YOUR OBJECTIVE » All pictures should be dropped, and only the lines from the top of the entries below through the line containing "电影《三大队》的后期制作,采" repeated exactly, both ends included.

INPUT MATERIAL »
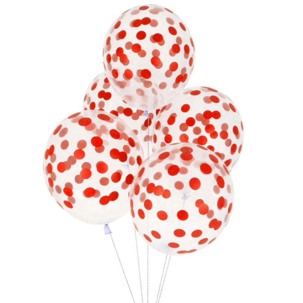 Διάφανο μπαλόνι latex 30εκ. γεμισμένο με στρογγυλό foil κομφετί σε κόκκινο χρώμα.
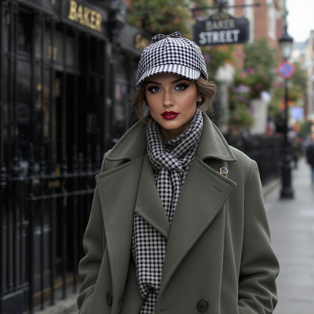 A stunning woman wearing a classic Sherlock Holmes ensemble stands confidently on Baker Street in London, exuding an alluring charm as she gazes directly at the viewer. This portrait exudes photographic realism with detailed skin and an 8k resolution quality, capturing every intricate detail. Her look is enhanced by cinematic and diffused soft lighting, creating a hyper-realistic atmosphere with sharp focus and shallow depth of field. Her captivating presence and the sophisticated CGI effects make her appear almost lifelike, while the image maintains a clean, professional finish, free from any imperfections or artifacts.
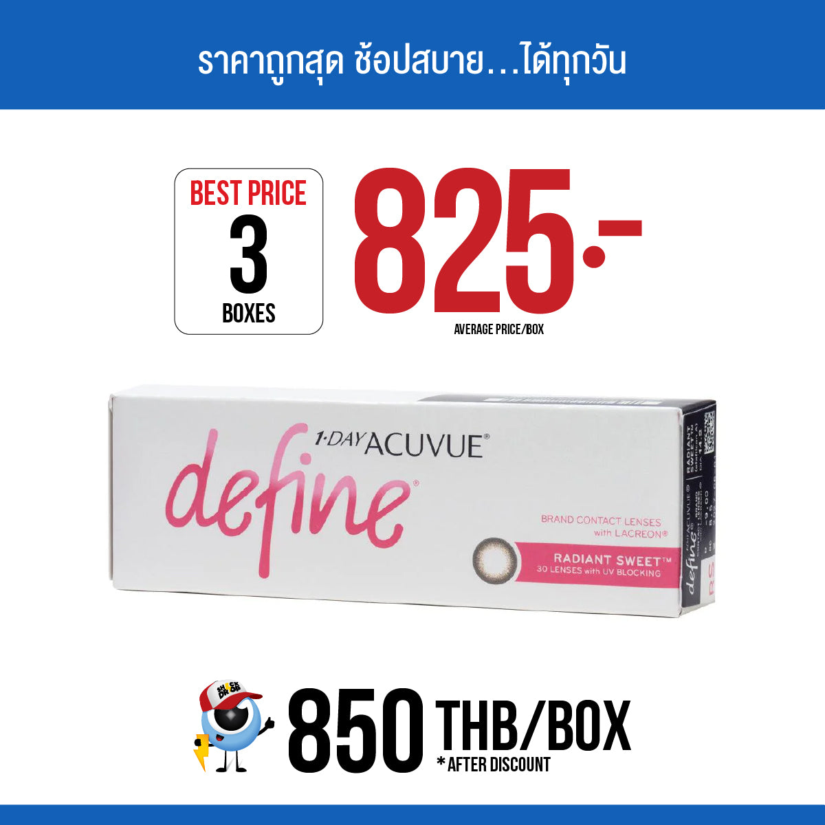 หากคุณกำลังมองหาวิธีที่สะดวกสบาย และมีไตล์ในการเพิ่มความสวยของสีตาของคุณ 1-Day Acuvue Define Radiant Sweet contact lenses เป็นตัวเลือกที่ดี ด้วยเทคโนโลยี Lacreon และการป้องกันรังสี UV เลนส์เหล่านี้จะให้ความสะดวกสบายตลอดวันและสุขภาพตาที่ดี ด้วยการออกแบบที่เป็นเอกลักษณ์และการเพิ่มสีตาที่ดูเป็นธรรมชาติ สายตาของคุณจะเปล่งประกายอย่างแท้จริง อัพเกรดวิถีชีวิตประจำวันของคุณด้วย 1-Day Acuvue Define Radiant Sweet contact lenses
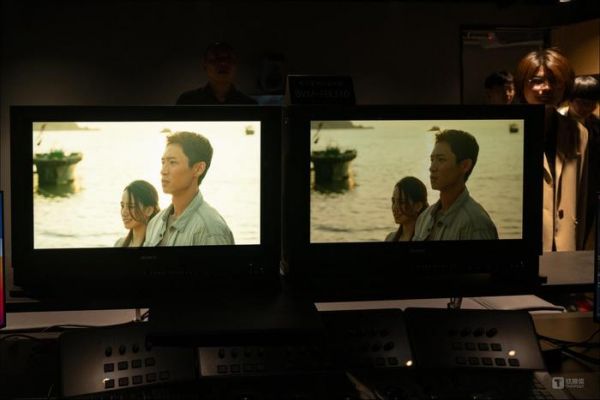 电影《三大队》的后期制作,采用了索尼的监视器产品(图片来源:钛媒体APP作者拍摄)换句话说,在整个电影、电视剧甚至是很多电视直播内容的生态中,“索尼全家桶”是很常见的配置。理解了这层关系,自然也就能明白为何索尼选择了还原度高的调色风格,因为它的电视,直接对标的就是自家几十万一台的HDR内容监视器,而后者恰恰又是导演在片场以及调色师在后期处理画面时的参考对象。
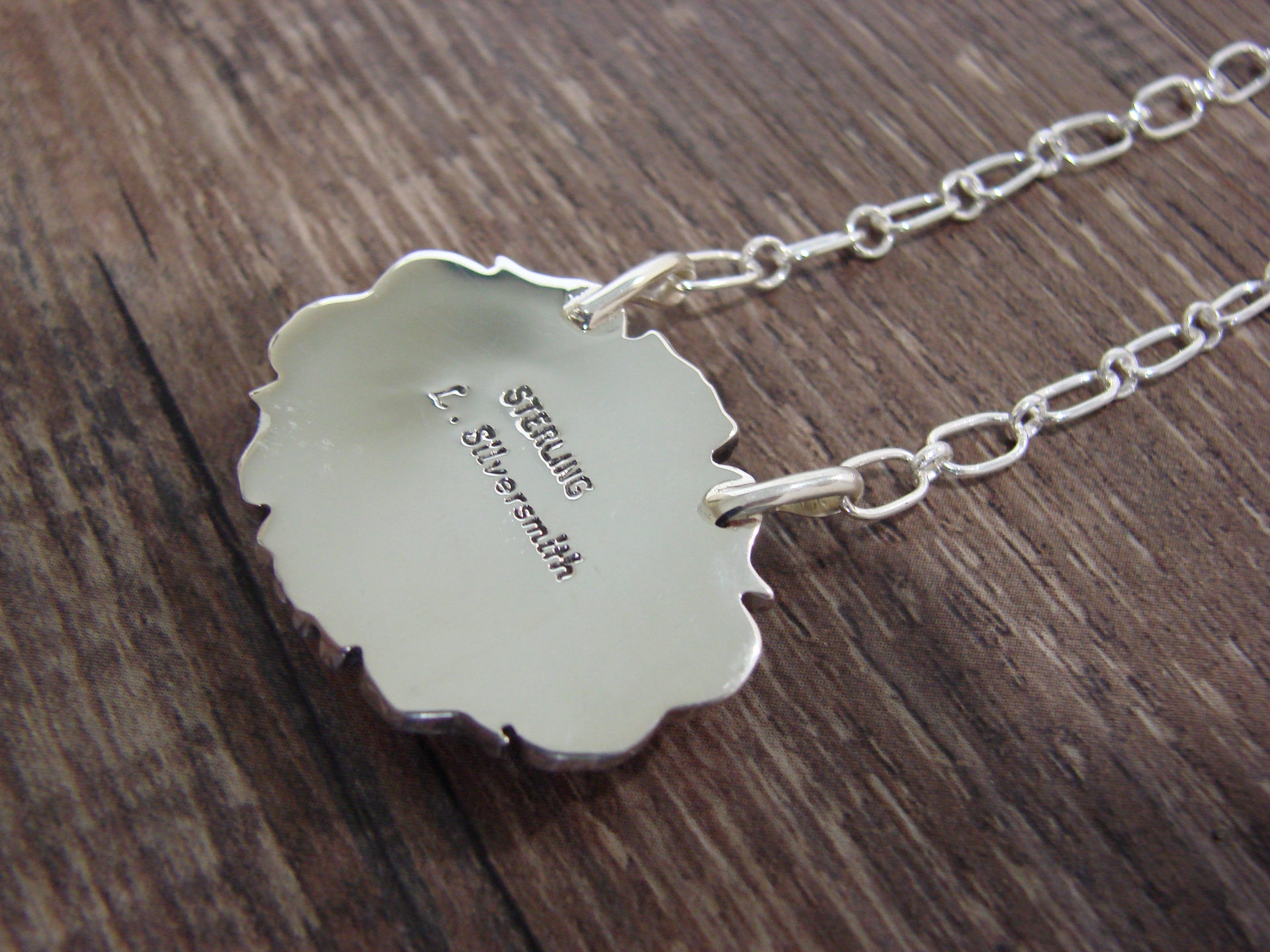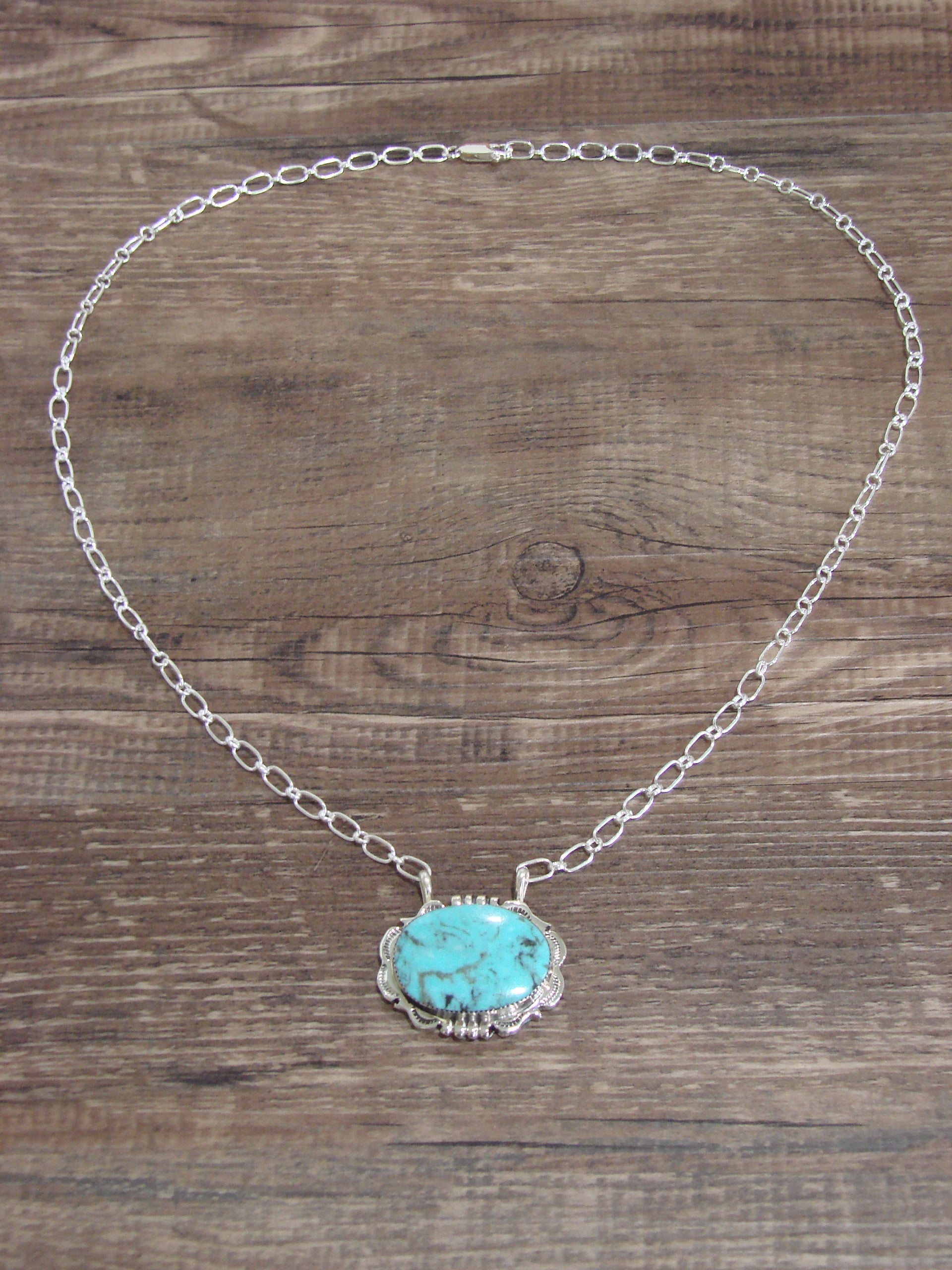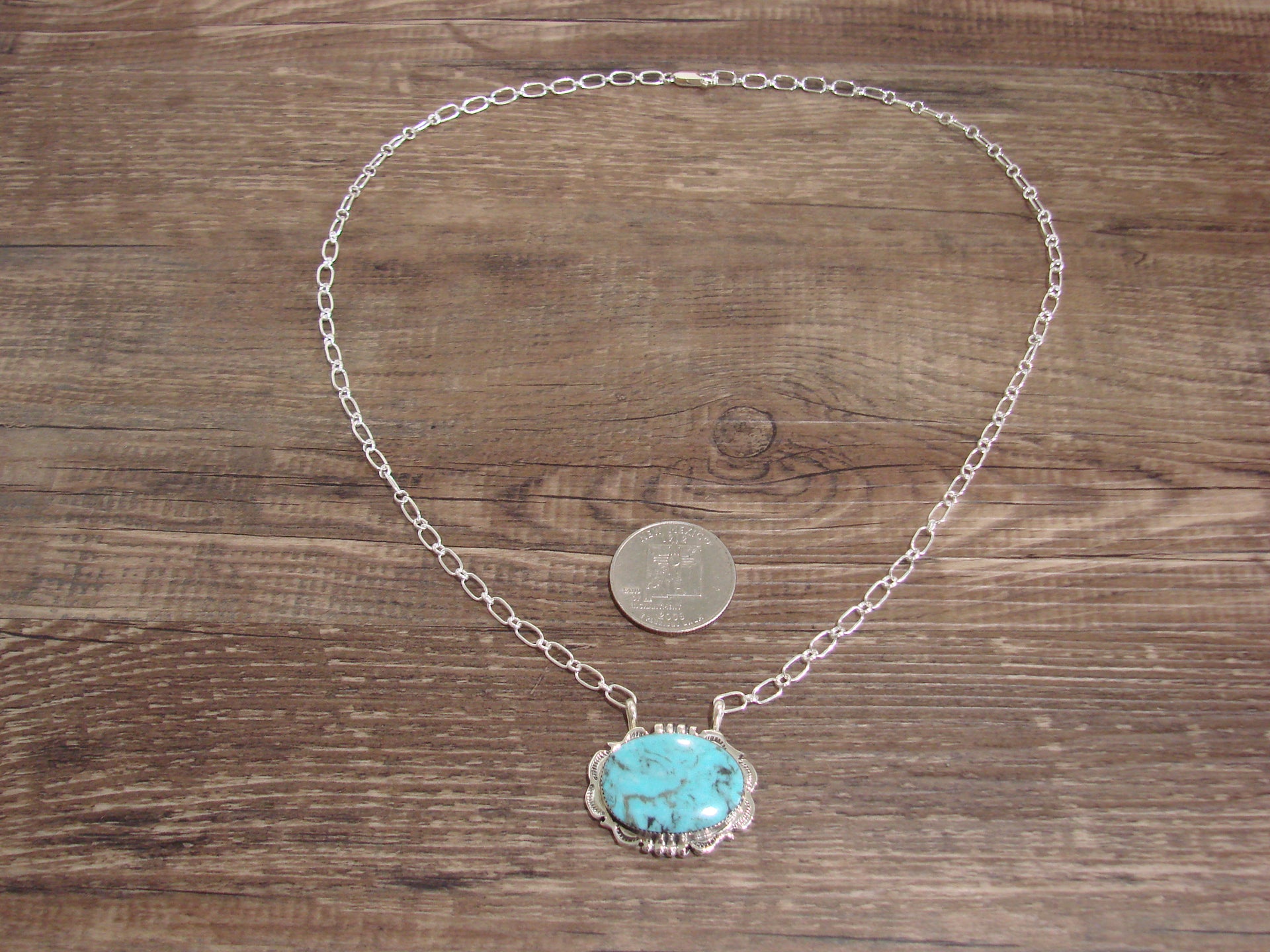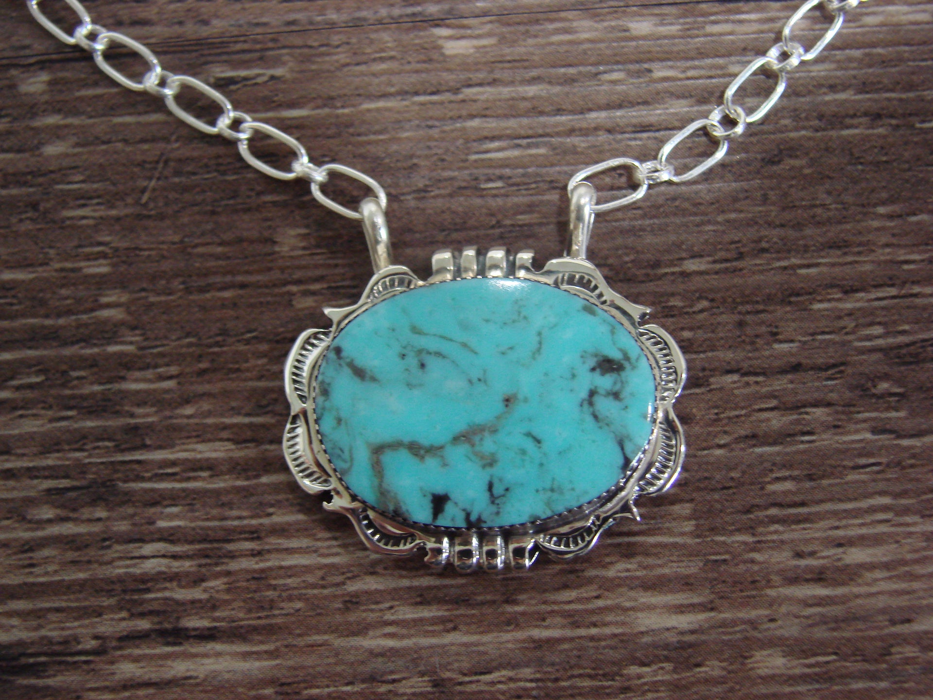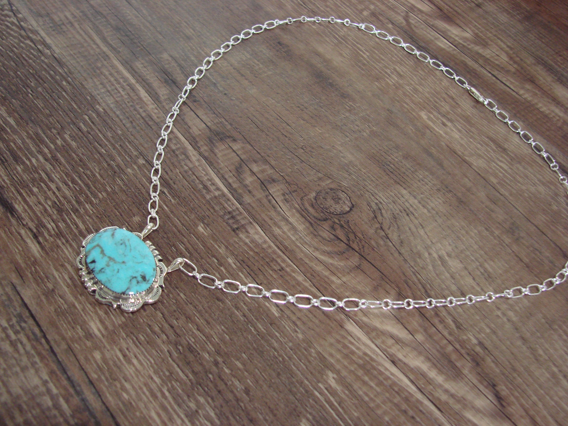 Genuine Native American Navajo Indian Sterling Silver & Turquoise Chain Link Necklace. This Stunning Hand Made necklace features a Genuine Turquoise Stone intricately set into a Crown Sterling Silver bezel setting. Beautiful details in Sterling Silver and Hand Stamping surround the stone. This is a great necklace that can be adjusted to desired length with the Hade Made Sterling Silver links! Expertly Handmade by Navajo silversmith Leroy Silversmith. Signed & Stamped Sterling on the back. Free gift box and shipping included!

OUTPUT OF THE TASK »
 Διάφανο μπαλόνι latex 30εκ. γεμισμένο με στρογγυλό foil κομφετί σε κόκκινο χρώμα.
 A stunning woman wearing a classic Sherlock Holmes ensemble stands confidently on Baker Street in London, exuding an alluring charm as she gazes directly at the viewer. This portrait exudes photographic realism with detailed skin and an 8k resolution quality, capturing every intricate detail. Her look is enhanced by cinematic and diffused soft lighting, creating a hyper-realistic atmosphere with sharp focus and shallow depth of field. Her captivating presence and the sophisticated CGI effects make her appear almost lifelike, while the image maintains a clean, professional finish, free from any imperfections or artifacts.
 หากคุณกำลังมองหาวิธีที่สะดวกสบาย และมีไตล์ในการเพิ่มความสวยของสีตาของคุณ 1-Day Acuvue Define Radiant Sweet contact lenses เป็นตัวเลือกที่ดี ด้วยเทคโนโลยี Lacreon และการป้องกันรังสี UV เลนส์เหล่านี้จะให้ความสะดวกสบายตลอดวันและสุขภาพตาที่ดี ด้วยการออกแบบที่เป็นเอกลักษณ์และการเพิ่มสีตาที่ดูเป็นธรรมชาติ สายตาของคุณจะเปล่งประกายอย่างแท้จริง อัพเกรดวิถีชีวิตประจำวันของคุณด้วย 1-Day Acuvue Define Radiant Sweet contact lenses
 电影《三大队》的后期制作,采用了索尼的监视器产品(图片来源:钛媒体APP作者拍摄)换句话说,在整个电影、电视剧甚至是很多电视直播内容的生态中,“索尼全家桶”是很常见的配置。理解了这层关系,自然也就能明白为何索尼选择了还原度高的调色风格,因为它的电视,直接对标的就是自家几十万一台的HDR内容监视器,而后者恰恰又是导演在片场以及调色师在后期处理画面时的参考对象。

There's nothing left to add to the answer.